Nickel-metal hydride batteries are more often used in hybrid cars, where they are usually charged from the internal combustion engine. However, their drawbacks include high costs, high self-discharge, high heat emission at high temperatures, and hydrogen loss.
These are the oldest type of EV batteries. As a mature technology, lead acids are inexpensive, safe, and reliable. However, they suffer from high weight, low specific energy, sub-par performance during the cold, and shorter calendar and lifecycle.
Lead-acid batteries are often used in neighborhood electric vehicles (NEVs) where high performance is not needed. In some EVs, they are also used to power secondary electrical systems.

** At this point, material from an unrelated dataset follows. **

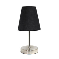 This timeless styled table lamp is unique to its size, standing at just 10.5" tall to sit perfectly atop your bedroom nightstand, end table, college dorm desk, or child's room. A round bottom sand nickel stick base is fixed beneath a standard empire fabric shade in a number of different color options to compliment your space as needed. You'll find the perfect shade color option to suit your decor needs in no time. . Includes 1 x empire shaped fabric shade that secures to the base using a socket nut. Includes 1 x petite sand nickel stick lamp base. Features a 5' black plug in cord with an in-line on/off switch. Requires 1 x 40 watt type B10 candelabra based bulb (not included). Shade measures Dia: 4.92" x H: 5". Comes in a variety of shade color options. Does the item contain wood: No. Height from Base to Shade: 5.12". Height from Base to Socket + Socket: 5.75".

Ultracapacitors EV batteries use polarized liquids between electrodes and electrolytes to store energy. The more the surface area of the battery, the higher the energy stored in the capacitor.
However, ultracapacitors are usually used to increase the power when the car accelerates and climbs a hill. They also assist in regenerative braking. Ultracapacitors also help to balance load power as a secondary energy storage system.
The most common EV battery types are lithium-ion, nickel-metal hydride, lead-acid, and ultracapacitor. Each battery type has some advantages and disadvantages. Like the lead-acid batteries are economical and reliable, but they have fewer life cycles than the Nickel-metal Hydride batteries. Lithium-ion batteries offer high energy per unit mass but are not efficient in the long run. However, battery makers continue to refine these energy storage components to improve performance and reduce cost.